Марина Сергеевна Антипова была помещицей нашего уезда. Земель у ней было не много  – несколько маленьких полей, часовня, небольшой пруд с мостиком поверх одного из рукавов, питаемых от реки, многочисленные птичники, одноэтажный барский дом с высоким чердаком и колоннами на входе. На полях занимались местные  работники, которых и было всего только на пять дворов. Другая, большая половина нанималась еще зимой и приходила из Васильевского к "доброй барыне" под задатки. Это бывало чаще  на севе ячменя и уборке озимой ржи.  Но  хозяйка, не отказывала никому и летом, если, конечно, работники не были уже совсем забулдыгами, пристраивала их вывозить куриный помет на поля или ловить раков.  Постигшая верным женским чутьем, какую-то свою истину, она считала что каждый должен быть "при месте".
Когда-то, во времена доисторические, в Антипово был и хозяин. Но никто теперь не помнил ни его самого, ни демократических поползновений странного барина. Пропал он также внезапно как и появился и никто теперь толком не помнил куда. Оставшись одна, Марина Степановна, как это часто  бывает у молодых женщин в нашем уезде, всецело отдала себя хозяйству. Она быстро вникла в свое теперь,  заброшенное имение, в его нужды, долги и нашла способы поправить ситуацию. Стараниями хозяйки на полях созрел неплохой урожай – рожь дала по девятисот пудов с десятины, а по куриному помету – и по тысяче!
Марина Сергеевна нашла покупателей хлеба и в зиму отдала часть долгов. Также, ближе к весне, она выделила большую сумму денег внесла ее на постройку школы для крестьянских детей. И нуждами этой школы она занималась теперь постоянно. Еще она, с годами приобретя значение в уезде, организовала общество "народной помощи" , которое занималось, главным образом лечением крестьян и помощью беднякам. Для нужд "народной помощи" Марина Сергеевна планировала построить богадельню. Богадельня ночами снилась суетливой хозяюшке. Спокойное, провинциальное житье заполонило ее жизнь – поездки к монастырям и благочестивые старцы, кошки-жеманницы на сундуках с рухлядью, старушки–богомолки и их неспешные расказы.

Бывали, правда, в этой размеренной жизни и случаи особые. Раз, на Николу-зимнего завернули в Антипово санки охотничьего обоза. Охотников собралось до дюжины. Поджарые, молодые они быстро раскрыли тайну уединенного имения и его богомольной затворницы. Охота еще и не начиналась, а на постое друзья варили пунш и угощали прислугу мятными пряниками и тягушками. Ходили по двору с песнями и гитарой, громко хохотали пугая девок. По истечению двух дней, один из них – Меркурий Иванович, высокий брюнет, имевший в этой концессии какие-то свои особые виды на обильную добычу боровой птицы, решил пойти на взятие неприступного замка. Вечером он долго кружил возле хозяйки, двигая своими усиками из стороны в сторону словно налим, после чего попытался последовать за хозяйкой в дальние комнаты. Но как-то быстро оттуда вышел. И долго потом прятал левое ухо под заячьей шапкой. Когда же вся компания попрощавшись, поблагодаривши хозяюшку и выпив на "поход" двинулась в сторону полей, Меркурий Иванович обернулся было назад, но встретился взглядом с птичником Килькой и испуганно поворотил лошадь в поле под общий хохот друзей.
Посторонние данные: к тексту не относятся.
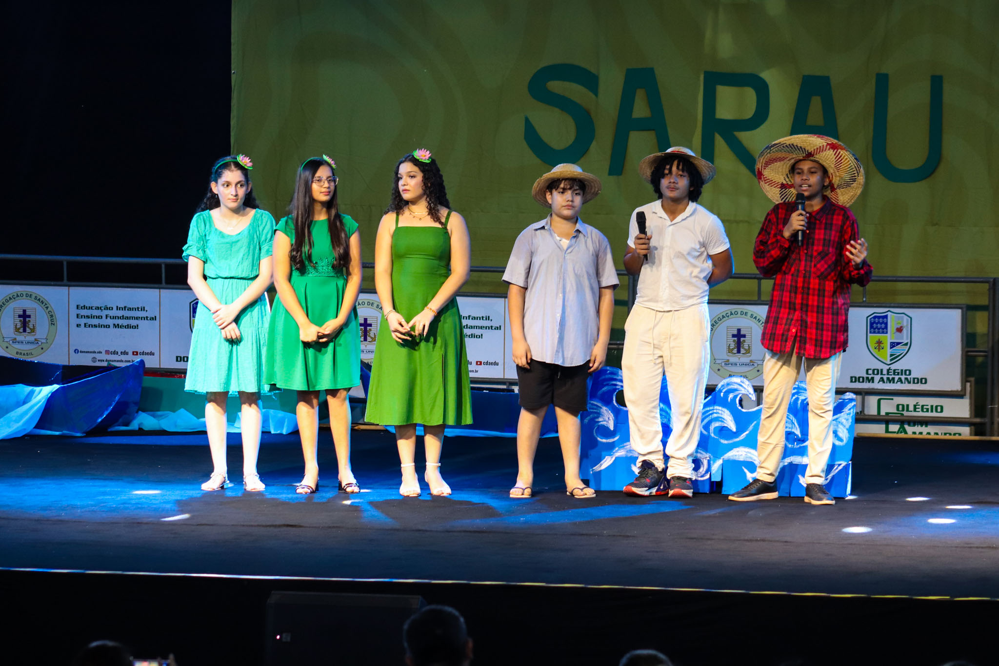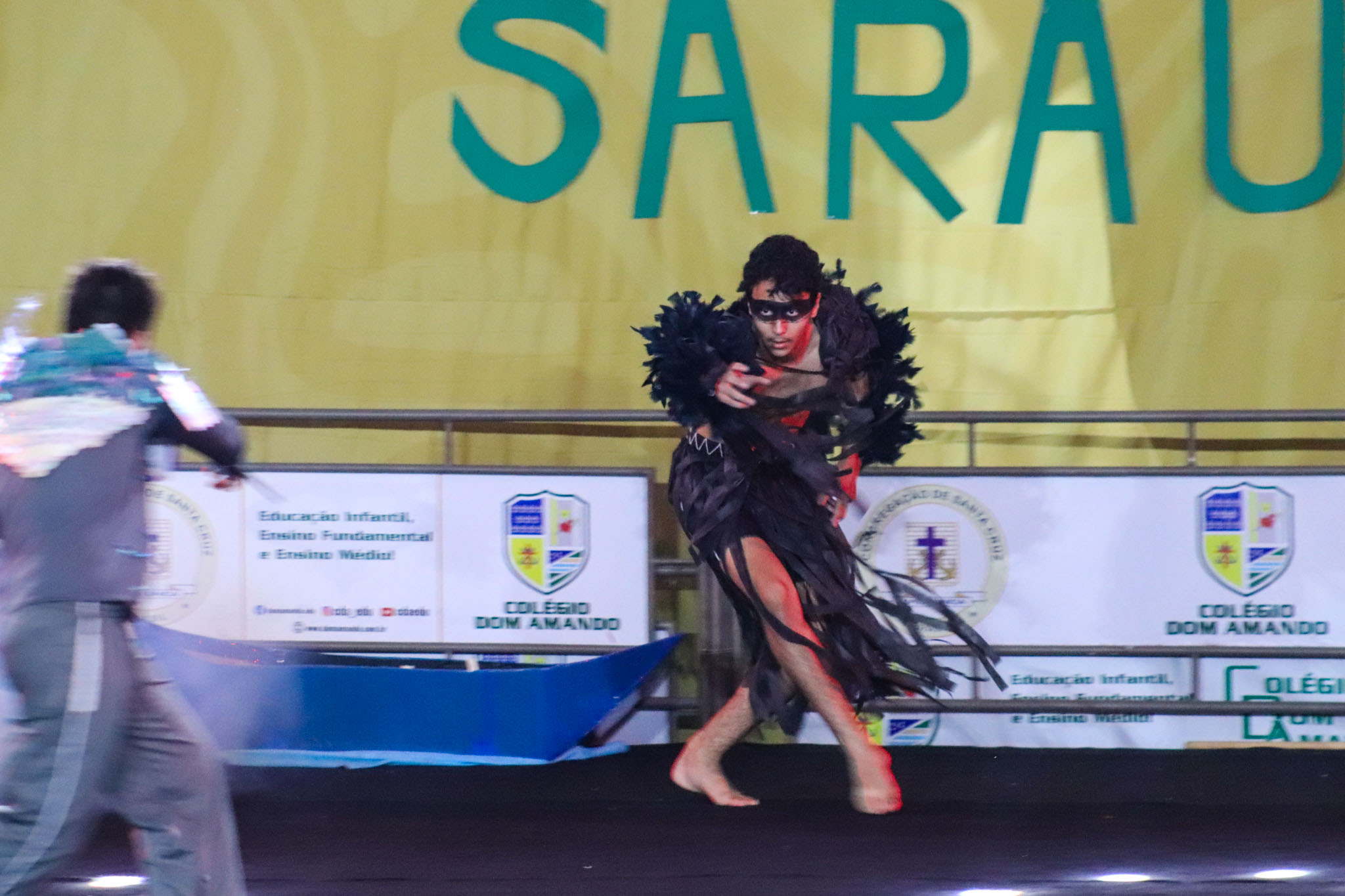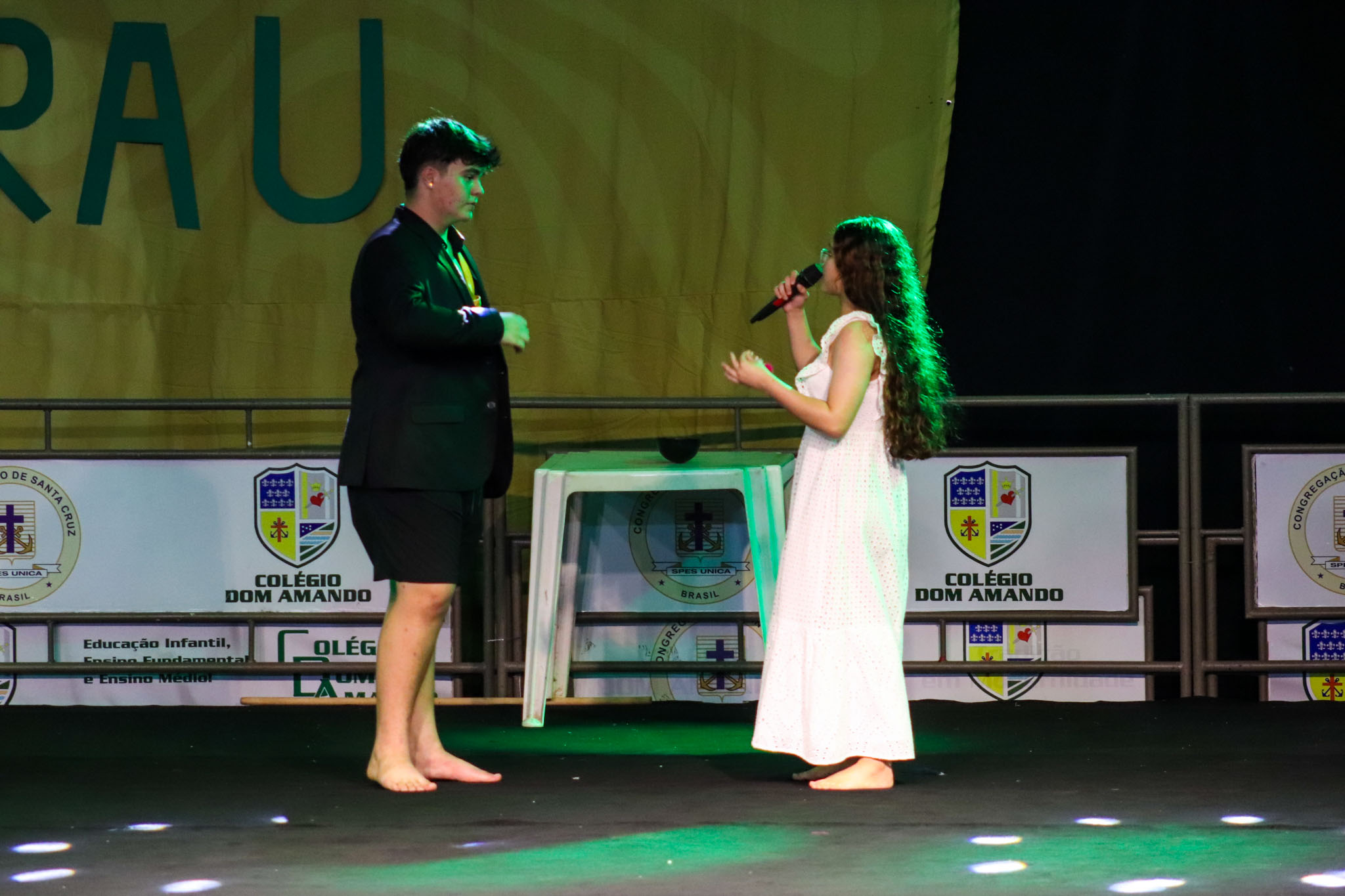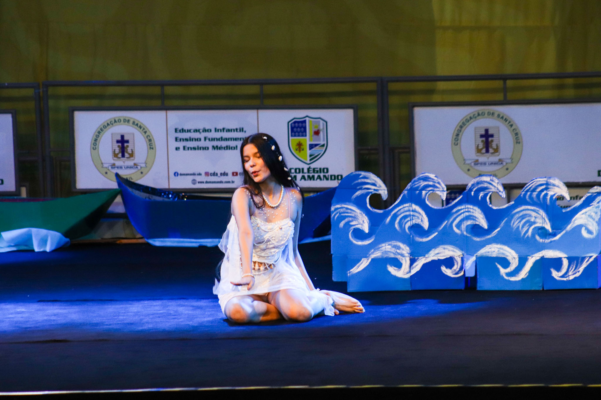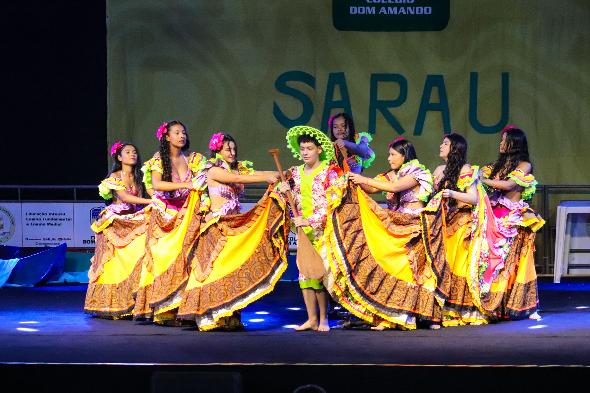 Neste ano, os alunos apresentaram uma adaptação do teatro “Olho de Boto”, de Felisbelo Jaguar Sussuarana, obra regional que destaca elementos da identidade amazônica e que ganhou nova vida no palco através da interpretação dos estudantes. A apresentação reuniu recursos como declamação, narrativa, música e encenação, permitindo que os participantes explorassem diferentes linguagens artísticas.

Обычно на рождество и святки в Антипово было общество женское, частыми гостями были:  бедная помещица – Анастасия Александровна;  генеральская теща – Раиса Теймучжиновна,она же перочинный ножик; жена директора школы – Фекла Кузминична, маленькая, невзрачная женщина. Засиживались до глубокой ночи – перебирали женские сплетни, судачили о новой школе, гадали. Марина Сергеевна поминутно взволнованно вбегала на кухню справится: не треснул ли горшок с кутьей? В комнате, по-зимнему уютной, горело несколько свечей, бросающей волшебные, пляшущие тени на стены. Хозяйка звала в комнату голосистых деревенских девок и те начинали:

                Катилося зерно
                По бархату,
                Слава!

Наливали воду в старый, медный тазик, отмытый от смородинового варения и генеральская теща с важностью английской королевы погружала туда свой старый перстень. Теща при этом надменно смотрела поверх голов. И страшно сказать – в пыльных закромах этой скриплой и неуклюжей мельницы поднималось некая молотьба...  Где-то там, в неизведанных, даже покойным статским советником, глубинах, молодой, дюжий мельник, страстными руками бросал налившиеся снопы ржи на Венеркины жернова. Что же тогда и говорить про хозяйку? Марина Сергеевна было еще молода. Она смотрела в темную, загадочную, зимнюю ночь, переводила взгляд на волшебный тазик и щеки ее горели. Что-то чудилось, что-то жгло под сердцем и обещало какое-то небывалое счастье. Но то были мгновения. Пройдут они и начнется вновь гомон крестьянских детей, коровий рев, брюхатые бабы, разговоры про дальние монастыри и бесконечные поля хлеба.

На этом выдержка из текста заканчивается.